8 Lessons Learned from the Minimal Facts Argument (2 of 2)

8 Lessons Learned from the Minimal Facts Argument (2 of 2) March 3, 2014

Habermas Minimal Facts ResurrectionIn the aftermath of our analysis of Gary Habermas’s minimal facts argument from The Case for the Resurrection of Jesus, here are the final lessons learned. (Read part 1 here).

5. Follow the facts; don’t start with your religious presuppositions. Habermas makes this error many times. For example:

The laws of nature would be no match for an omnipotent God who chooses to act by superseding those laws (p. 141).

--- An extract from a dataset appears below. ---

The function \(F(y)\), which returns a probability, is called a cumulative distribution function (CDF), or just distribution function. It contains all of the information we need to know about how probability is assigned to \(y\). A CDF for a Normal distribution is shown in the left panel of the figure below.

Yes, if we assume God first, we can imagine him having his good reasons. For example, why is there evil? (God has his reasons; don’t worry your pretty little head about it.) Why is God so hidden? (God is way smarter that you and must be hidden for a good reason.) Doesn’t science reject miracles? (Bending the laws of nature would be easy for the god who made them.)

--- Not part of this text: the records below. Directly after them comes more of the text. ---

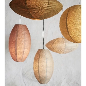 Fabriqués à partir de fibres végétales naturelles, ces abat-jour sont confectionnés artisanalement par des femmes au sein de coopératives dans les montagnes himalayennes du Népal.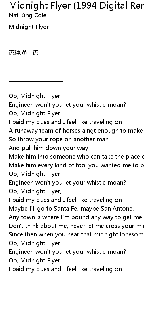 | Oo, Midnight Flyer, | |
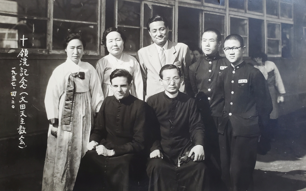 | ▲ 대전 사목 시절의 두봉 (의성=연합뉴스) 이세원 기자 = 두봉 주교가 대전 교구에서 사목하는 시절에 찍은 사진. '영세기념(대전천주교회) 1957.4.20'이라고 한자로 적혀 있다. [두봉 주교 보유 사진 재촬영] |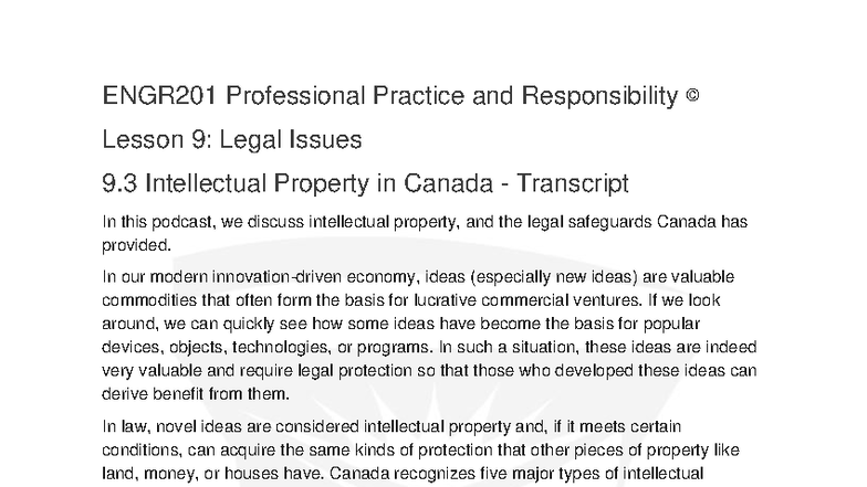 ENGR201 Lesson 9.3: Intellectual Property Legal Issues in Canada ...

Yes, I suppose that if you start with your presuppositions, you can select and arrange the facts to support it. Do this to satisfy your own doubts if you must, but otherwise the rest of us don’t care. No, what makes a powerful argument is showing that starting with the agreed-to facts, an objective observer would come to your conclusion.

Never start with your presuppositions and then show how the facts can be rearranged to support them. That’s backwards.

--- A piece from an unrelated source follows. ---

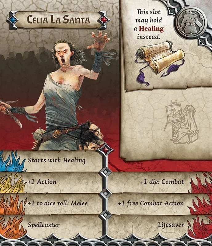 Celia La Santa (Saint Celia to those who don’t speak her native tongue) was once a healer and herbalist, cast into the fighting pits for failing to cure a nobleman’s impotence. She was not expected to survive long, but two weeks of thundering storms left the pits closed to exhibitions. During that time, she was housed with her fellow fighters, where her natural healing talents came to light. In exchange for her healing arts, many of the grateful pit brawlers taught her the basics of survival in the pits. As it so happened, the gentle herbalist was a fast learner. Her swordsmanship isn’t the best, but her spellcraft gives her an edge that so many others lack.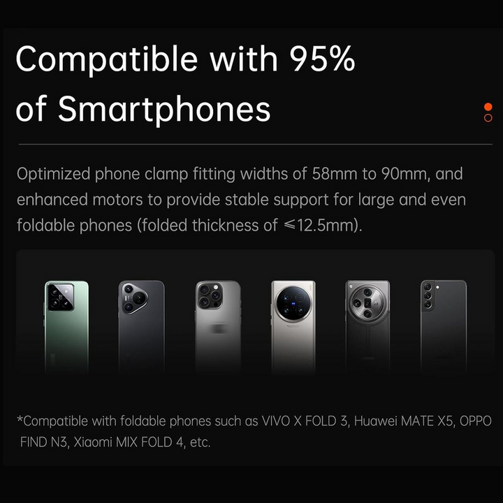 Smartphone Gimbal Detachable Touchscreen Remote,Extension Pole,Magnetic Fill Light for Video Recording ,

Habermas says that the resurrection “accounts for all five [minimal] facts very nicely” (p. 76). Okay, but so does the Flying Spaghetti Monster. (Show me how the Flying Spaghetti Monster can’t explain any aspect of the gospel story and I’ll show you how you underestimate the Flying Spaghetti Monster.)

The apologist can say that we can’t prove that God doesn’t exist, that God is always smart enough to stay ahead of science and clever atheist arguments. But that puts the burden of proof on the wrong shoulders.

6. Failure to acknowledge the magnitude of your claim

Habermas wants to win by default. He says: here are the secular claims; they’re all wrong; therefore, I win. For example:

We have observed that all opposing theories to Jesus’ resurrection are extremely improbable, if not practically impossible (p. 188).

Why bother weighing Habermas’s claim when he’s the only one left standing? What he fails to acknowledge is that his might be the most remarkable claim ever: that the universe was created by a supernatural being, that this being created humans on the dust speck we call Earth, that he appeared on Earth as a man to provide a loophole in a rule that he created himself so that we can get into heaven, and that this claim is for real, despite looking very similar to a thousand other manmade religions. I don’t remember a single word from Habermas acknowledging the complete insanity of the claim.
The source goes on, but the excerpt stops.